2.4 KB · updated 2026-07-06 · md

paper.md

examples/demo-corpus/data/research/papers/arxiv-2311-04400/paper.md

LRM: Large Reconstruction Model for Single Image to 3D

Hong et al. propose the Large Reconstruction Model (LRM), the first attempt to apply foundation-model scaling laws directly to single-image 3D reconstruction. Where contemporaneous ImageTo3D systems either depended on slow ScoreDistillation optimisation or were trained per-category on small sets like ShapeNet, LRM treats reconstruction as a feed-forward learning problem: a single forward pass of a 500-million-parameter Transformer maps the input image to the parameters of a NeRF-style RadianceField.

The architecture takes encoder features from the input image and uses a deep cross-attention TransformerArchitecture to predict a triplane representation that parameterises the output radiance field. The model is trained end-to-end against multi-view supervision on roughly one million objects, combining synthetic renders from Objaverse with real captures from MVImgNet. The breadth of the training corpus and the model capacity together give the network strong generalisation to in-the-wild images, including those produced by 2D generative models, well beyond the closed-vocabulary behaviour of earlier category-specific reconstructors.
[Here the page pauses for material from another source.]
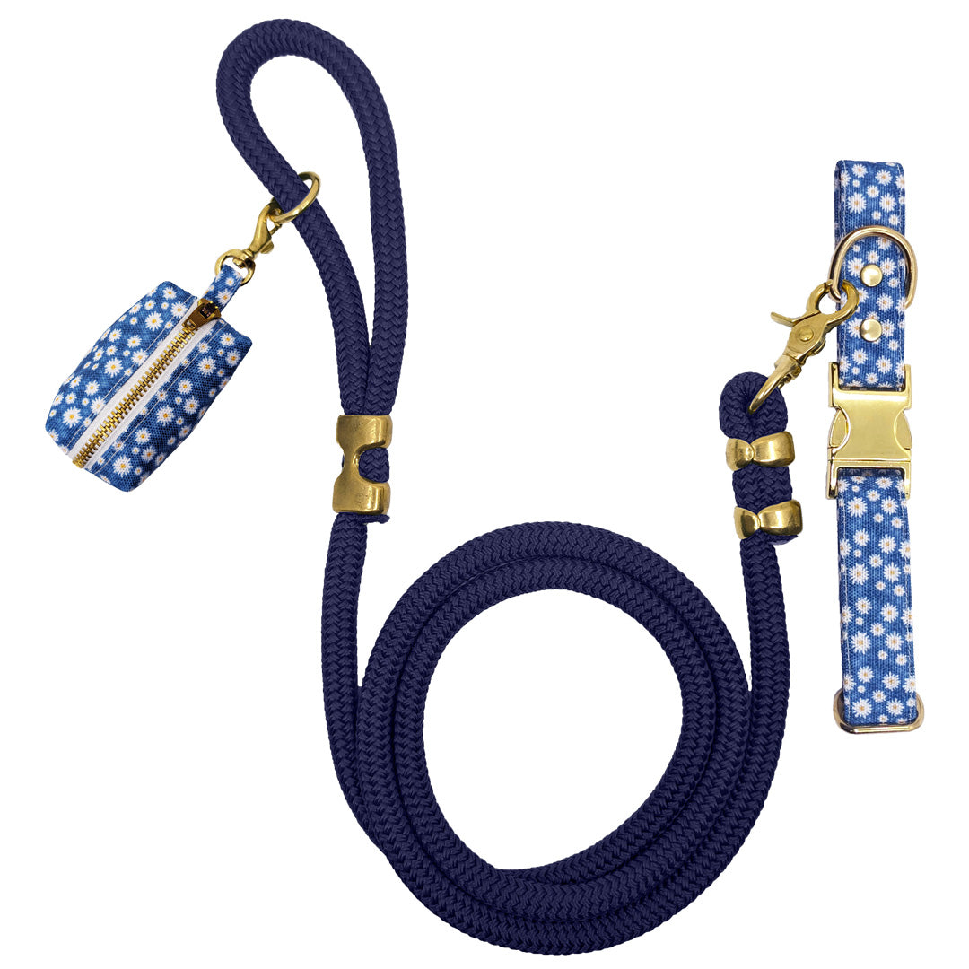 Découvrez notre Kit d'accessoires pour chien Le Marguerite en taille S avec sa laisse bleu foncé.
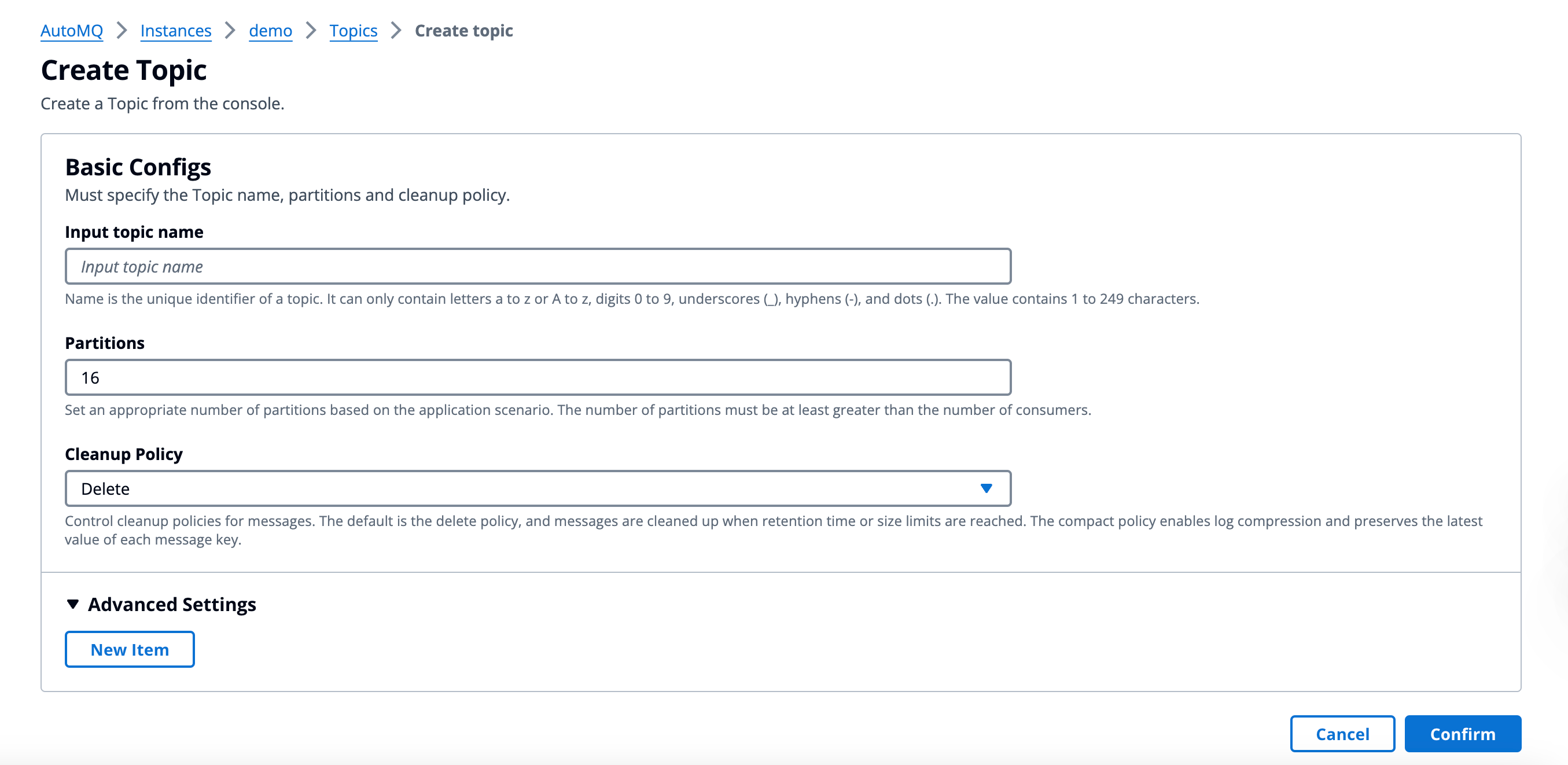 - Click Create New Topic, fill in the required parameters, and create the topic.

Inference takes about five seconds per object — orders of magnitude faster than per-instance SDS pipelines such as Magic123 and DreamFusion — while still producing meshes detailed enough for downstream use. The LRM architecture has become a foundation for a family of feed-forward generators: Instant3D feeds it the four-view output of a multi-view diffusion model, TripoSR rebuilds it with improved data and training, and LGM swaps the implicit radiance field for a multi-view Gaussian representation. The paper is widely credited with shifting 3D reconstruction research from per-scene optimisation to amortised inference.